A proposal to upskill the 81% of Grade 4 children in South Africa who can’t read

The recently published 2021 Progress in International Reading Literacy Study (PIRLS) found that 81% of Grade 4 learners in South Africa can’t read for meaning. This is up from 78% in 2016, largely on the back of the Covid-19 pandemic.  

The study showed that Grade 4s lost the equivalent of 80% of a year of learning between 2016 and 2021, while others show Grade 1 and 2 learners may have lost more than one full year of learning. South Africa was making small gains in reading in the decade before Covid-19. The PRILS results show that our literacy levels are now back to where they were in 2011 (when 82% of Grade 4s couldn’t read). 

Our system has lost a decade of slow, but steady progress. 

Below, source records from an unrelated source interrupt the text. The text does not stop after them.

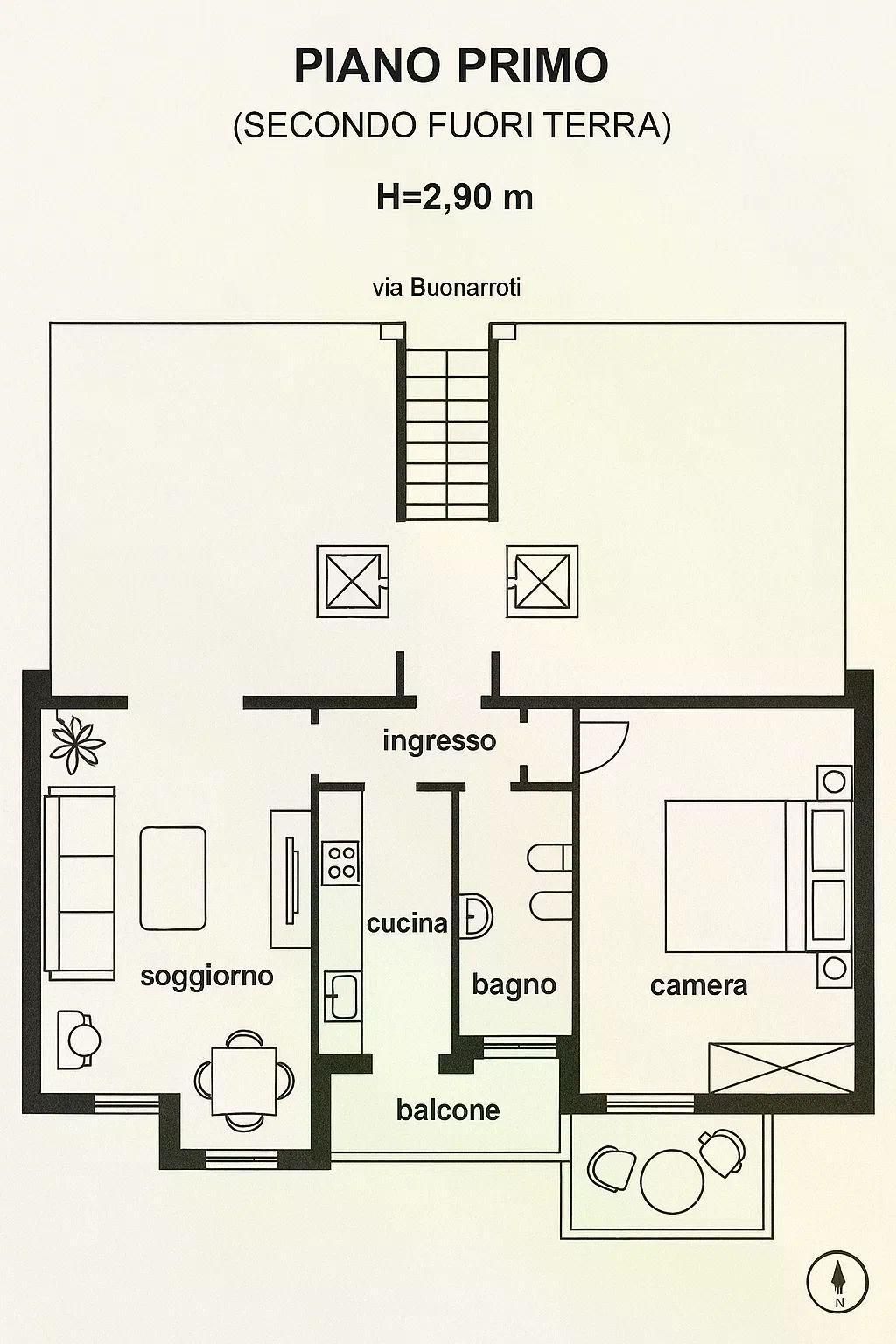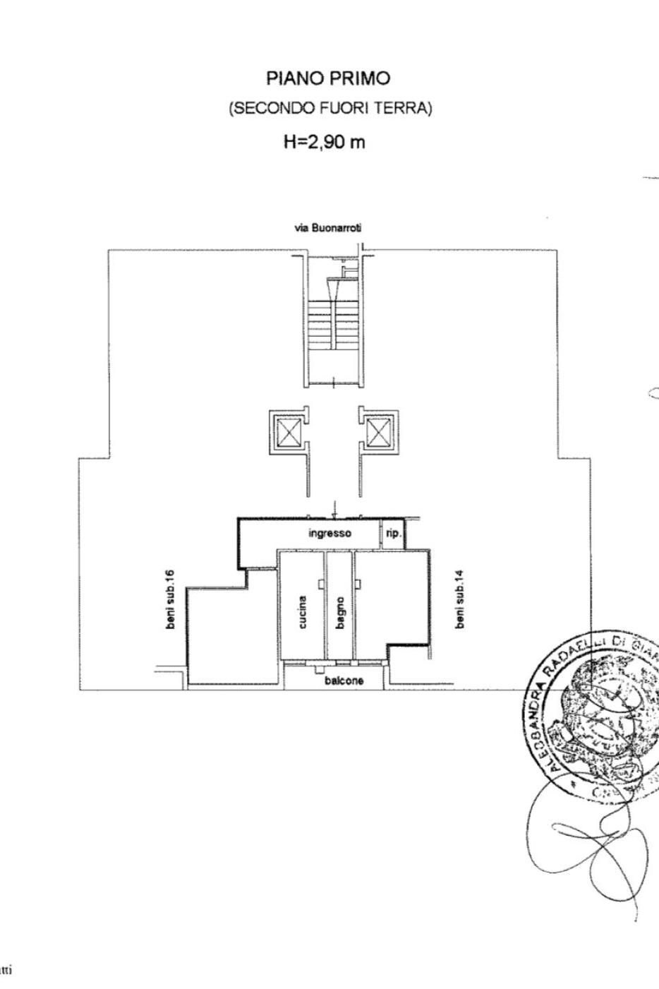 Ingresso Ripostiglio Camera matrimoniale con accesso al balcone Cucina abitabile Disimpegno, Ripostiglio Bagno con box doccia Soggiorno grande A completare la proprietà è presente un'ampia cantina di pertinenza.
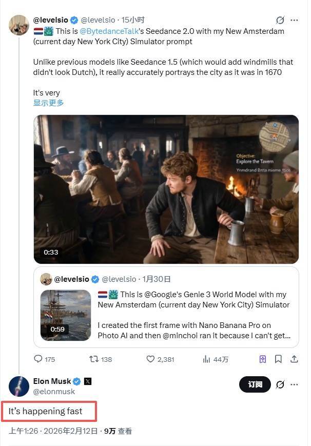 凤凰网科技讯 2月12日,近日,字节逾越视频模子Seedance 2.0火到国外。马斯克在其酬酢平台X转发辩驳Seedance 2.0联系推文,并暗意模子发展速率太快(It's happening fast)。
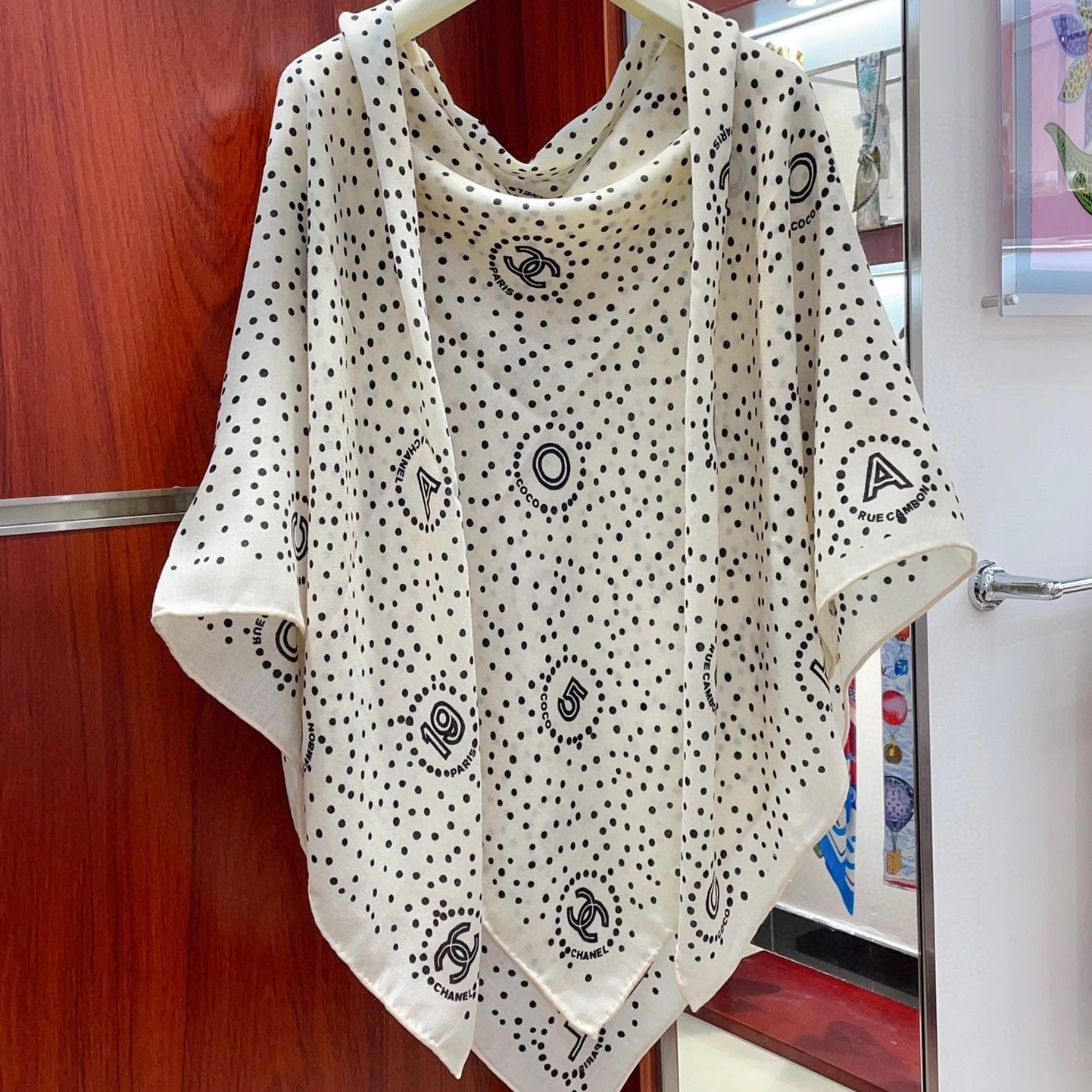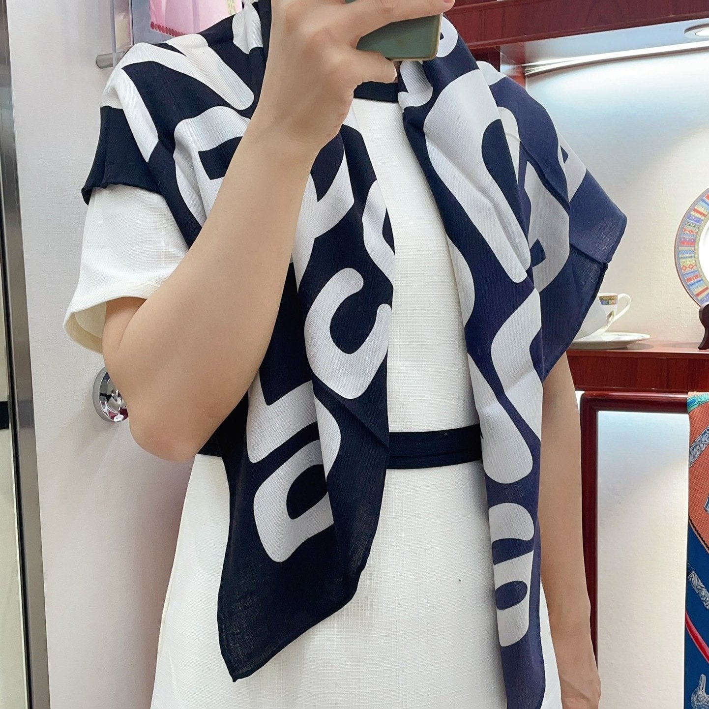 CC Square Scarf 140 CM In White Mix Black Silk 396374

The steepest declines were found across the more rural provinces of Limpopo, Free State and Mpumalanga, where teaching is largely delivered in Sepedi, Sesotho, isiNdebele, Xitsonga and Setswana.  

The results particularly reinforce what we already know about the effects of the pandemic on learning for disadvantaged learners in no-fee schools, who were in grades 1 to 4 with little grounding in foundational reading skills over that period. It widened already large inequalities between no-fee and fee-charging schools. Without an urgent, large-scale and effective response, this generation will experience poor learning outcomes, which will lead to higher dropout rates, and increased levels of inequality, future unemployment and poverty.